TASK DESCRIPTION: Word for word, restate the entries below from their first line through the line that contains "[금요저널] 양주시 농업기술센터는".

INFORMATION SHOWN:
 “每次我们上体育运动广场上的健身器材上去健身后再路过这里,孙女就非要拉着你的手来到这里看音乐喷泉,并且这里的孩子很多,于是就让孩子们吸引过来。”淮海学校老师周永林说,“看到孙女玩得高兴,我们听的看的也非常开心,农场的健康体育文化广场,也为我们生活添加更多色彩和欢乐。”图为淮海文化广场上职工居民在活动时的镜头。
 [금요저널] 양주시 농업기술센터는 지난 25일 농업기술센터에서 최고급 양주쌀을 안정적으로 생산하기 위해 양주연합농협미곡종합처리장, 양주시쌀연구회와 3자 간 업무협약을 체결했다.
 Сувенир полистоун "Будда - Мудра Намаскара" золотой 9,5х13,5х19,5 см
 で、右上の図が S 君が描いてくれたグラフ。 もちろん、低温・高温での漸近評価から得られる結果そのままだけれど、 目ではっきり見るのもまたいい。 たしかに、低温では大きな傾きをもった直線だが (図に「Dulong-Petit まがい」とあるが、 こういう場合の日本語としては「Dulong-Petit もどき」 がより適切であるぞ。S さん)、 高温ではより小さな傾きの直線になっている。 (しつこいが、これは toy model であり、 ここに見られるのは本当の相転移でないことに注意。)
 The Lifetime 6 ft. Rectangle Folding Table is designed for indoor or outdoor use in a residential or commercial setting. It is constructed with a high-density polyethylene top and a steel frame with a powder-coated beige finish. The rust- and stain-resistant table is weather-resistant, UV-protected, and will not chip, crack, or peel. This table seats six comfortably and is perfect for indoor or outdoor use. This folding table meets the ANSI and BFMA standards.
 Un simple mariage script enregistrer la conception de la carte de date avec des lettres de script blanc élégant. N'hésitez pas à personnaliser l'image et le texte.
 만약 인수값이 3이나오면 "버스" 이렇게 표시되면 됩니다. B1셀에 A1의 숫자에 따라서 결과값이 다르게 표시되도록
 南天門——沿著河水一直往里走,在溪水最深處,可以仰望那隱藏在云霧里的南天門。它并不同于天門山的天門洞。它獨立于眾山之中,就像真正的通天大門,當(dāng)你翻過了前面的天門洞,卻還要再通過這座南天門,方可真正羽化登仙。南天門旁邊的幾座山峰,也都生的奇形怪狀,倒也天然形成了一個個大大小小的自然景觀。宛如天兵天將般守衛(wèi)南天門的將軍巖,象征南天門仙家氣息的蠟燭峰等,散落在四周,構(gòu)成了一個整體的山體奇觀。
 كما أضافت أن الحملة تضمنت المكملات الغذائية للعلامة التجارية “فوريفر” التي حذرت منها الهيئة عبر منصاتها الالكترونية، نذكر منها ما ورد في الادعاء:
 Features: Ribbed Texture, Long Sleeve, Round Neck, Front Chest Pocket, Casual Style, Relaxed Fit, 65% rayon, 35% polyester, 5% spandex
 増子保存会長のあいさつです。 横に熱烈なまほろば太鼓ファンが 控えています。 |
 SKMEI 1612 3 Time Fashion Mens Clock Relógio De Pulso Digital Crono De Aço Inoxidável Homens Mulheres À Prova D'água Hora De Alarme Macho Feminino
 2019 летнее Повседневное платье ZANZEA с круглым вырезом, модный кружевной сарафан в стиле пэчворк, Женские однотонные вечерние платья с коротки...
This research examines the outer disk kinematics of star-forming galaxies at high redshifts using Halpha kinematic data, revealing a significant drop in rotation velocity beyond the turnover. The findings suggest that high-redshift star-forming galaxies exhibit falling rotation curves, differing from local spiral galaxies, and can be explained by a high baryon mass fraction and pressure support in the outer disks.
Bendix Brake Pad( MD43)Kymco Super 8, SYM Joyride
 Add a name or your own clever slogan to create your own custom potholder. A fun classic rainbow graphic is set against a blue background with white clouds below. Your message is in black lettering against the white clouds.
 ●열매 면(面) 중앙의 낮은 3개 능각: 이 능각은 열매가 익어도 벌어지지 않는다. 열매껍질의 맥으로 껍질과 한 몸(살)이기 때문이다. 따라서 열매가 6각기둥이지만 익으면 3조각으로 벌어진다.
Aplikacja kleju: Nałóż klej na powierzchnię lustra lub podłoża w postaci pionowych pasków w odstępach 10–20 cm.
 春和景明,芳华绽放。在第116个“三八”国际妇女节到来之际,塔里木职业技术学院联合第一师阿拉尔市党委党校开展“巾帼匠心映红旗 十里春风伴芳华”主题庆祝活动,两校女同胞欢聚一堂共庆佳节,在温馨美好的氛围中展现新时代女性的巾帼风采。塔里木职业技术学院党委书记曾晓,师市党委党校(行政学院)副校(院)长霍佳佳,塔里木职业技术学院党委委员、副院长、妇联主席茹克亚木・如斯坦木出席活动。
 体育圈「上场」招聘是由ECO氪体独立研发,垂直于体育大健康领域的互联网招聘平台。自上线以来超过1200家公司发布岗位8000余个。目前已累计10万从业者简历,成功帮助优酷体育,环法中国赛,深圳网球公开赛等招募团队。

PROBLEM SOLUTION:
 “每次我们上体育运动广场上的健身器材上去健身后再路过这里,孙女就非要拉着你的手来到这里看音乐喷泉,并且这里的孩子很多,于是就让孩子们吸引过来。”淮海学校老师周永林说,“看到孙女玩得高兴,我们听的看的也非常开心,农场的健康体育文化广场,也为我们生活添加更多色彩和欢乐。”图为淮海文化广场上职工居民在活动时的镜头。
 [금요저널] 양주시 농업기술센터는 지난 25일 농업기술센터에서 최고급 양주쌀을 안정적으로 생산하기 위해 양주연합농협미곡종합처리장, 양주시쌀연구회와 3자 간 업무협약을 체결했다.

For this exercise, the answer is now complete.